The taboo trend behind an STD surge among 'respectable' divorced women in their 40s. A doctor's dinner party confession shocked me: JANA HOCKING
I'm in a doctor's office, holding my uni roommate's hand as she bursts into tears - she's just heard the words every sexually active person dreads.
'Your test results are back… and I'm afraid it's bad news.'
Thankfully, it was treatable with antibiotics, but the diagnosis was still a shock: gonorrhoea. The doctor gave us a sobering lecture afterwards about how much worse it could have been. Some STDs, he warned, don't go away. At least this does.

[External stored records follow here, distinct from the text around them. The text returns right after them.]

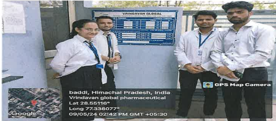
During the Industrial visit

Affiliated To Dr. A.P.J. Abdul Kalam Technical University, Lucknow, U.P. & Approved By PCI
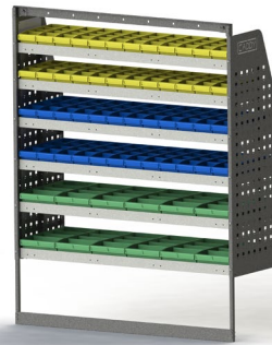
DRIVER SIDE REAR

Plastic Bins: 24 x PBC 3.0, 24 x PBC 4.0, 12 x PBC 8.0
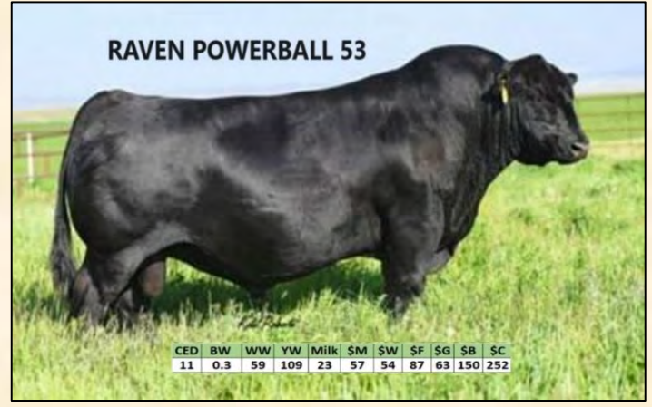
Sire to Lot's 11 and 53
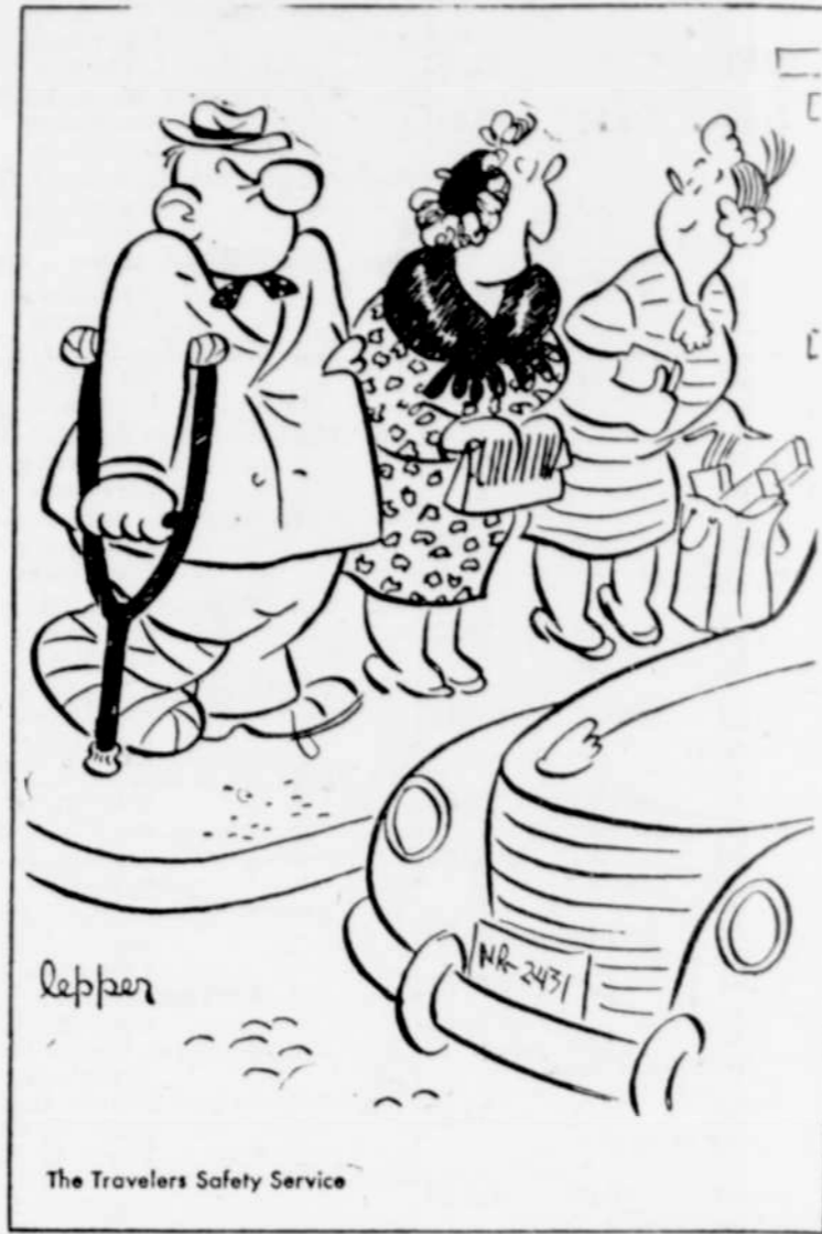
"It's getting to be kind of a little game with Fred—so far, he's been hit by Connecticut, Vermont, New York and Oklahoma drivers!"
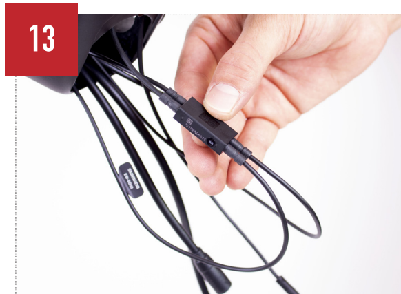
Connect the Shimano SM-JC41 hub to all electronic cables. Place the hub inside the down tube.
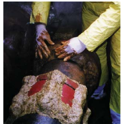
Application of Petrolatum Tape system.
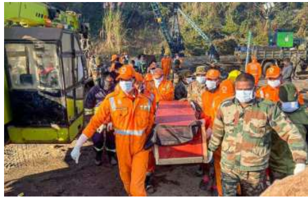
Long operation: A rescue team carries the body of a worker recovered from a mine in Dima Hasao, Assam on Saturday.
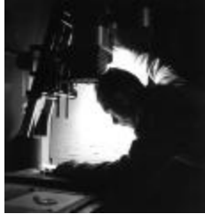
Graphic Design Student Practices Photography (PIC03002_b12_f16_07)
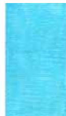
918 Organdy 712 Turquoise
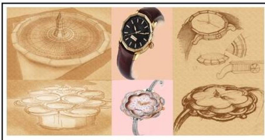
Figure 14 Watch design inspired by Rambagh palace
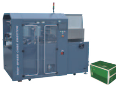
Carton Forming Machine
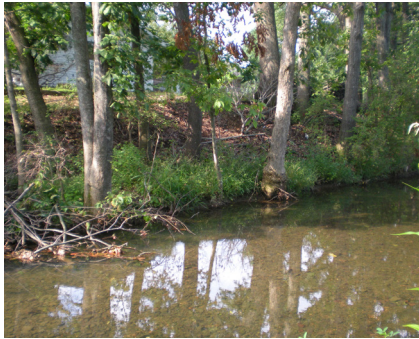
Dense and diverse vegetation on the streambank and in the riparian area is the best and most cost effective form of streambank protection.

The best kind of streambank protection is the natural protective vegetation that comes with an undisturbed or unmanicured streambank and riparian area. Roots of plants serve as natural anchors to keep streambank soil from eroding away. Usually streambanks don't need protection like riprap or other restoration measures when they have been left alone and allowed to keep their briars, bushes, vines, shrubs, trees and grasses.

On the drive home, we talked about how recklessly we rolled the dice during our wild university years. Shared mixed dorms, too much vodka, questionable decisions… It's a rite of passage, but condoms weren't always top of mind.
Ever since that day in 2005, I've been a militant condom advocate.
Seriously, I'd arm-wrestle a man into wearing one at this point. No excuses. And gents, nobody is buying the 'I'm allergic to condoms' performance anymore.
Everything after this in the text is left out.